§ WHAT IS BEING ASKED
When you copy the data, keep every line exactly as written and skip the pictures.

§ COLLECTED MATERIAL

⟨

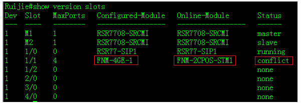 slot 查看线卡的状态,若线卡的状态为conflict,设备Configured-Module装载的线卡和Online-Module插入的物理线卡不一致。
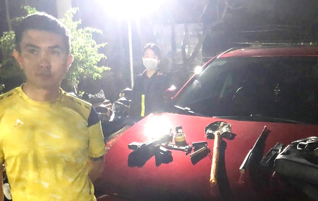 Sau khi khống chế người đi trên xe (4 nam, 3 nữ), lực lượng chức năng tiến hành kiểm tra phát hiện 2 khẩu súng ngắn loại bắn đạn cao su, 24 viên đạn cao su, có 1 viên đã lên nòng; 1 súng bút; 1 gậy ba khúc bằng kim loại; 1 con dao nhọn; 1 xẻng; 1 hộp đạn chì.
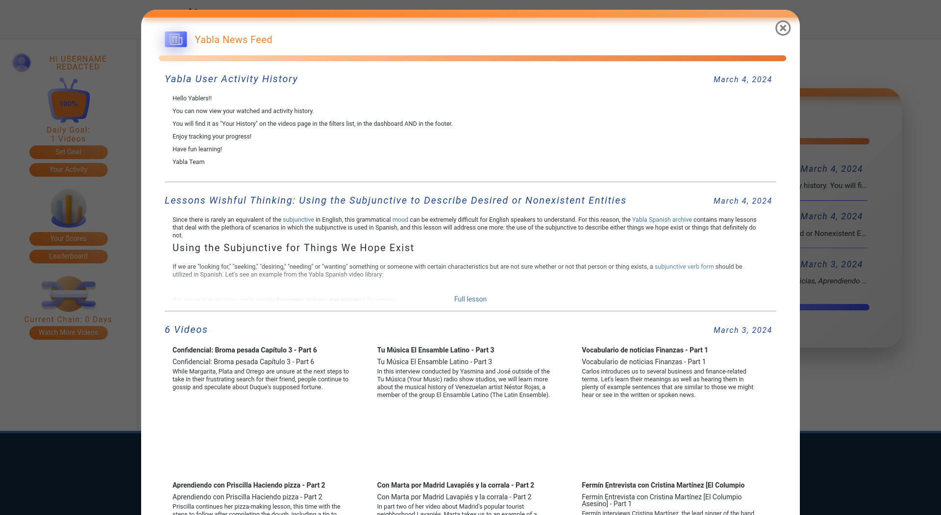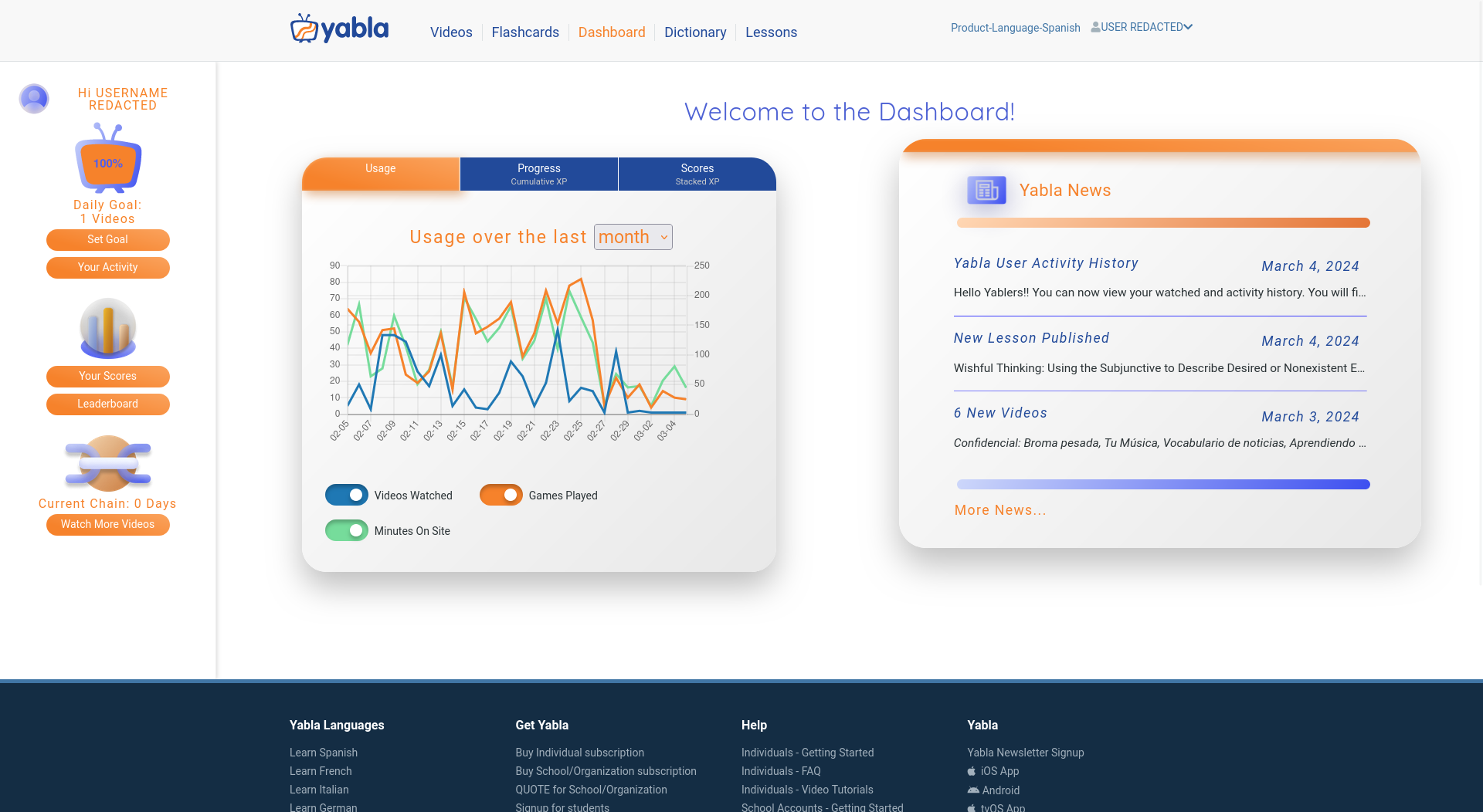 I worked for Yabla, a language immersion platform, as a full-stack software developer for a few years before leaving to finish my education. As a small company, I ended up wearing many hats there and designed various new features for our complex system of users, affiliates, workers, and admins. To highlight some of my favorite projects and larger responsibilities:

⟩

§ SOLUTION
 slot 查看线卡的状态,若线卡的状态为conflict,设备Configured-Module装载的线卡和Online-Module插入的物理线卡不一致。
 Sau khi khống chế người đi trên xe (4 nam, 3 nữ), lực lượng chức năng tiến hành kiểm tra phát hiện 2 khẩu súng ngắn loại bắn đạn cao su, 24 viên đạn cao su, có 1 viên đã lên nòng; 1 súng bút; 1 gậy ba khúc bằng kim loại; 1 con dao nhọn; 1 xẻng; 1 hộp đạn chì.
 I worked for Yabla, a language immersion platform, as a full-stack software developer for a few years before leaving to finish my education. As a small company, I ended up wearing many hats there and designed various new features for our complex system of users, affiliates, workers, and admins. To highlight some of my favorite projects and larger responsibilities:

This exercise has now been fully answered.